The inky journey of a modern day Troubador

Maybe

It’s risky, speaking out.
You may be

Maybe misunderstood, maybe shamed, maybe judged..
Maybe you are just a private person, maybe its just your business alone.

Maybe it was a steamy night, a midsummer eve with the crickets chirping outside the open windows of your (then) favorite bar.
Maybe you’d had three acidic bitter beers in an hour. Trying to burn out the pangs of the week.
Maybe you had invited a friend along, because he was smart, funny, and easy to be around.
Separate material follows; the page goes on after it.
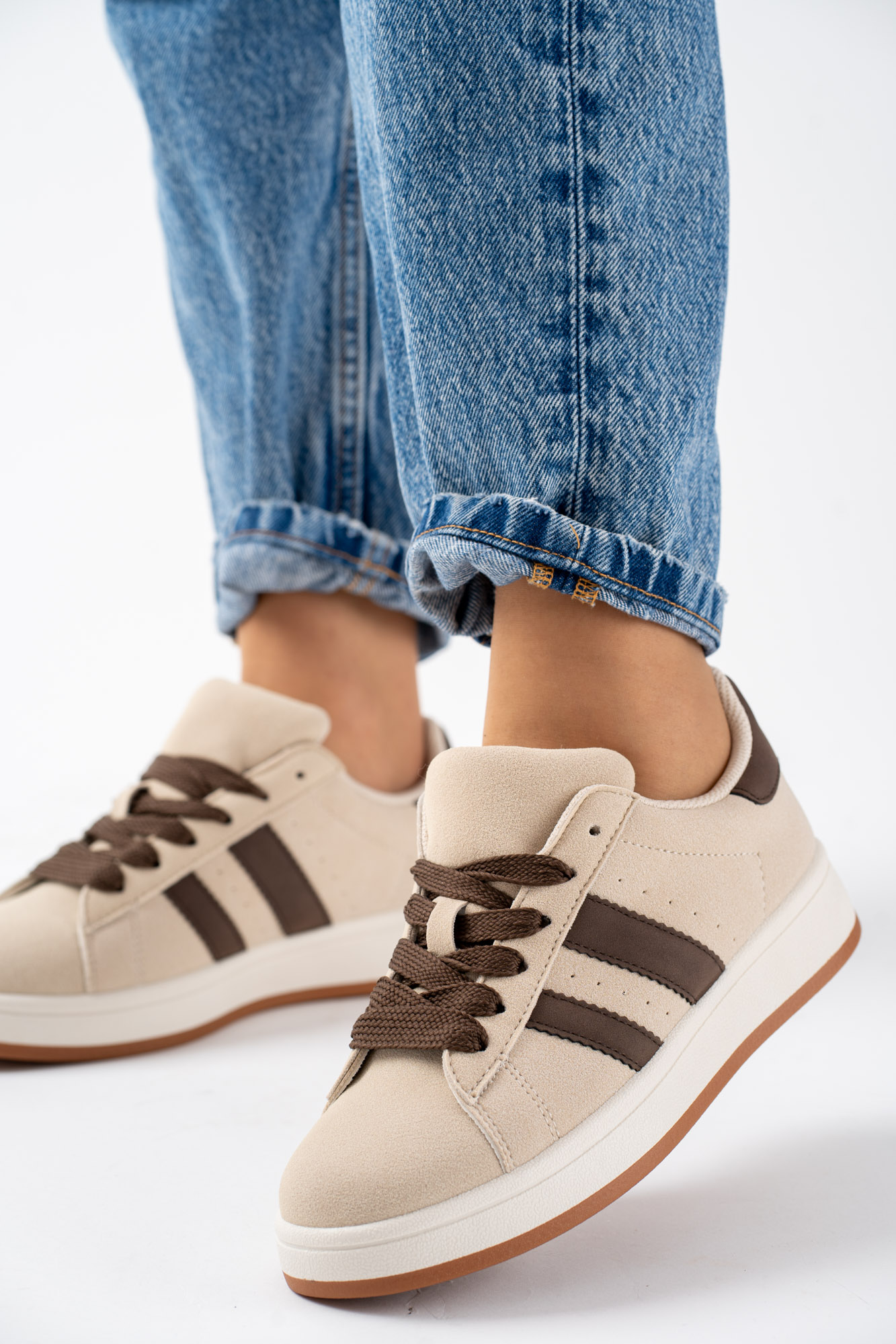 Trampki damskie beżowo brązowe

Maybe you’d known him for a year or so.
And then maybe you were perched at the bar in your kick-ass leather skirt, and uncrossed your legs to lean forward for your next beer.
You’d felt it maybe.
his hand, sliding up your thigh, between your legs reaching towards the peak.
Startled, of course, you swiveled on the stool away from the hand and drew your knees together.
The conversation had continued and he never missed a beat.
So you’d re-engaged.
but maybe 15 minutes later you were looking for chap-stick in your purse, and you’d felt it again.
This time forceful, pushing apart your knees and roughly jamming the hand up to your vagina, barely guarded by a thin black lace.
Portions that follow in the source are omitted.